A quick battle report of my first game of the year.

link

Happy New Year all!

JMcCarroll05 Jan 2017 4:19 p.m. PST

Very nice indeed!

boy wundyr x06 Jan 2017 9:21 a.m. PST

Always love to see 6mm stuff.

madaxeman07 Jan 2017 5:15 p.m. PST

The base sizes work really well with the smaller figures

Marcus Brutus07 Jan 2017 6:06 p.m. PST

In my opinion your table is too big for the amount of figures you're playing with. Years ago I fell in love with 6mm Ancients. It was pictures like these with mass that got my gaming juices running.

rh6 by Eusebeia2002, on Flickr

rh3 by Eusebeia2002, on Flickr

So I painted a up my first Punic Roman Legion on 1:20 scale using 60 by 30 stands. I must say they looked amazing. The only problem was that I hated painting 6mm. The look was there but I found the whole process tedious. So I sold them but I still have a deep love for their effect when they are done on mass. ADLG doesn't seem to really give a good visual look to gaming from what I've seen so far on TMP but I do like the sound of the games themselves.

Roman1 by Eusebeia2002, on Flickr

Snowcat08 Jan 2017 12:43 a.m. PST

Marcus Brutus: "ADLG doesn't seem to really give a good visual look to gaming from what I've seen so far on TMP…"

Perhaps this has more to do with the older DBx style of basing used in AdG than the more visually attractive Impetus style basing.

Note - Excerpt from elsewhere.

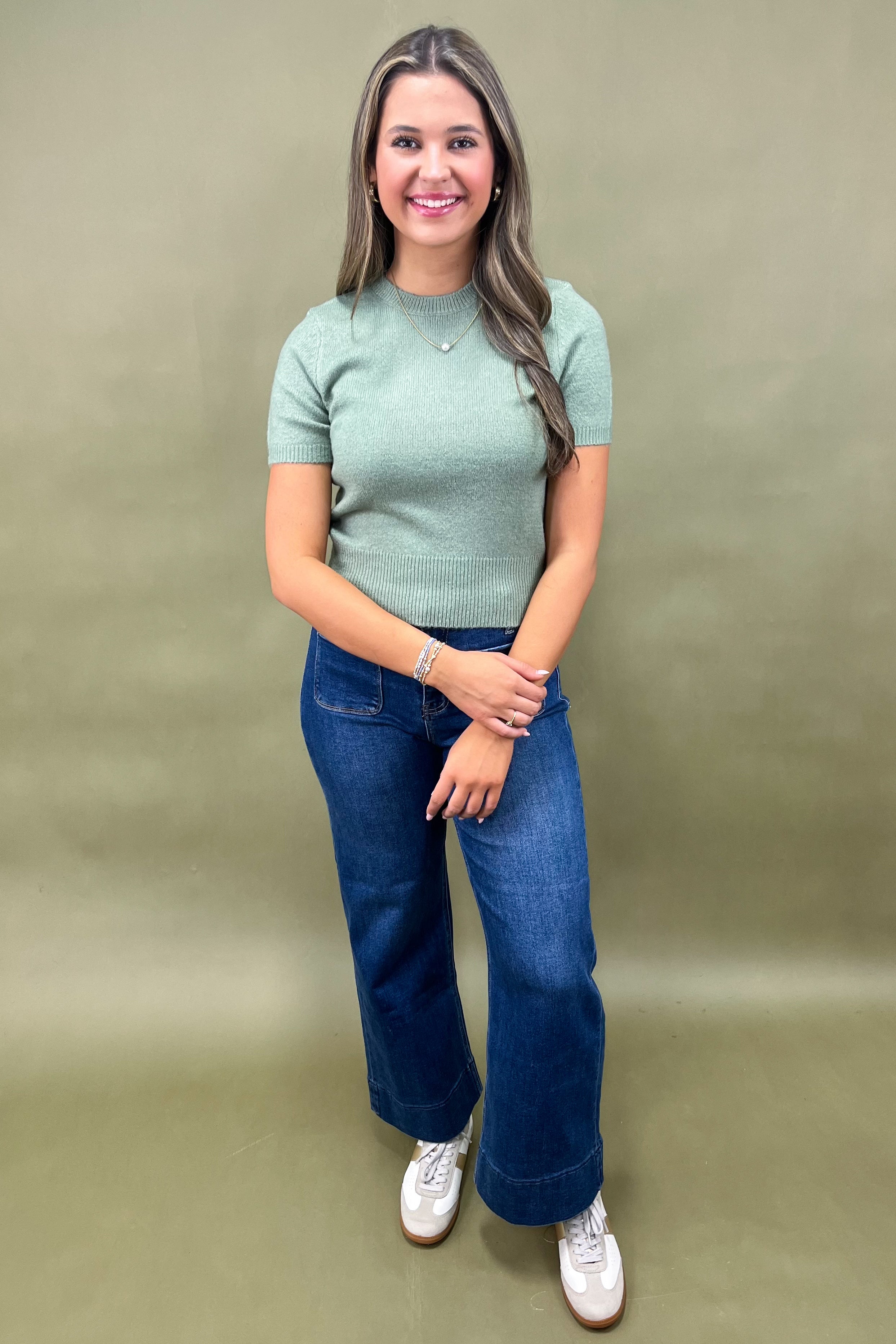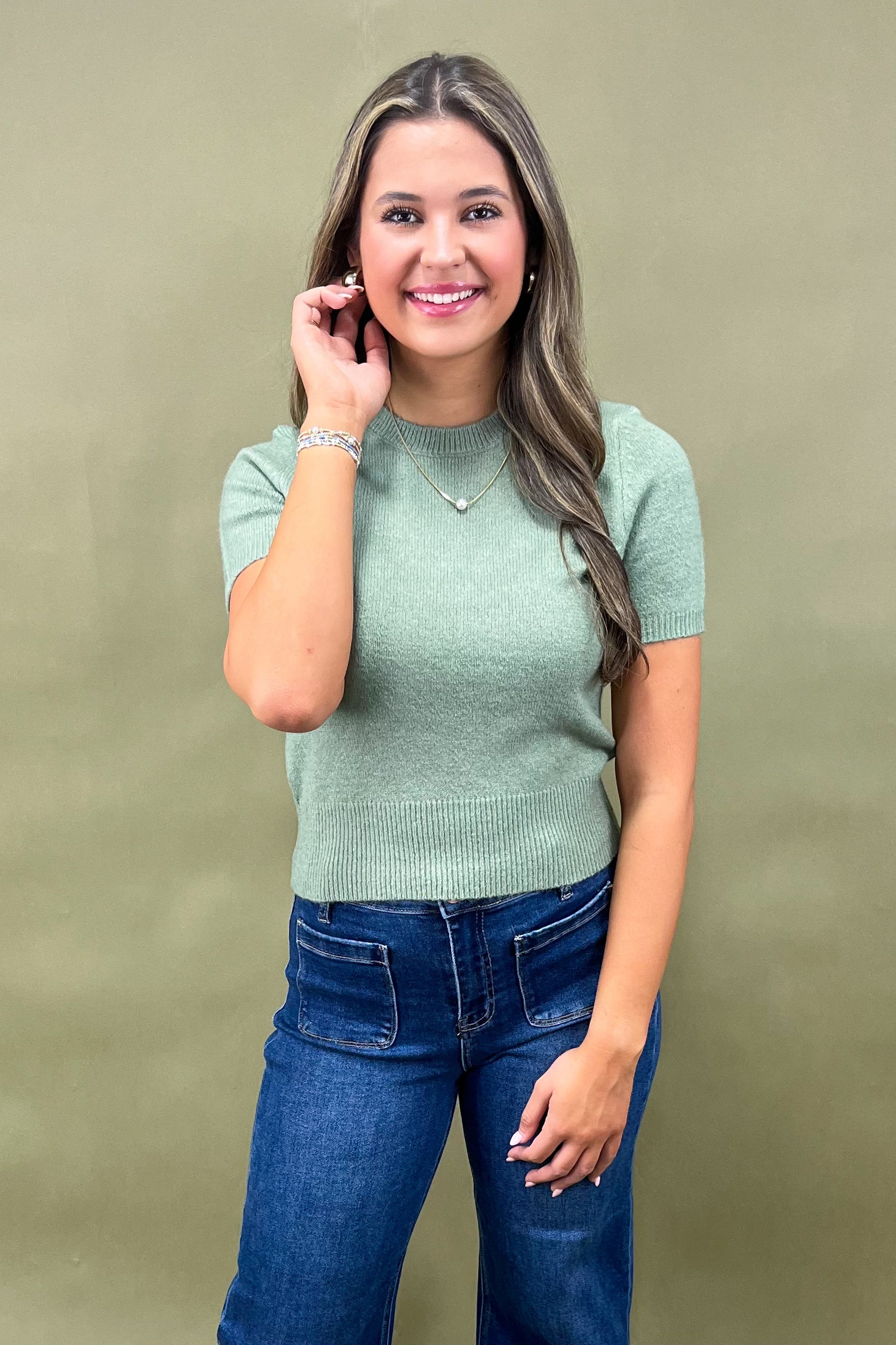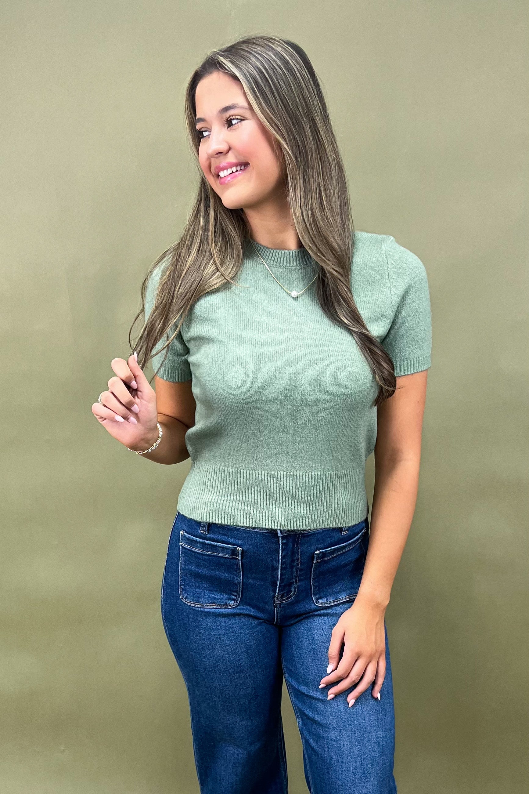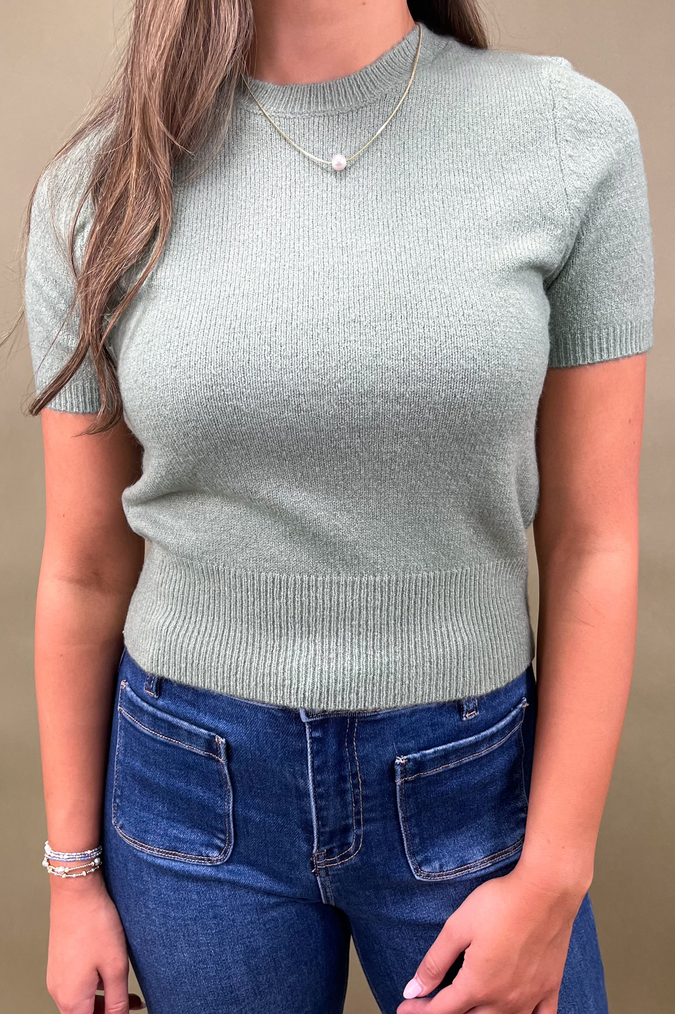 Her short sleeve cut makes her easy to layer, and her sage green shade gives her that boutique-exclusive feel. She’s simple, but she’s special—because she adapts to you and whatever your day has planned.

Has anyone tinkered with the basing of AdG in 15mm & 28mm to be more like Impetus? I imagine this would require either a much larger table or smaller armies.

Cheers.

MichaelCollinsHimself08 Jan 2017 2:38 a.m. PST

I must say that the size of your table is just great; room for manoeuvre if it is an option.
You`ve not got anything wrong, but as for having tables that are too small – we`ve seen all that before in games with much larger scale figures !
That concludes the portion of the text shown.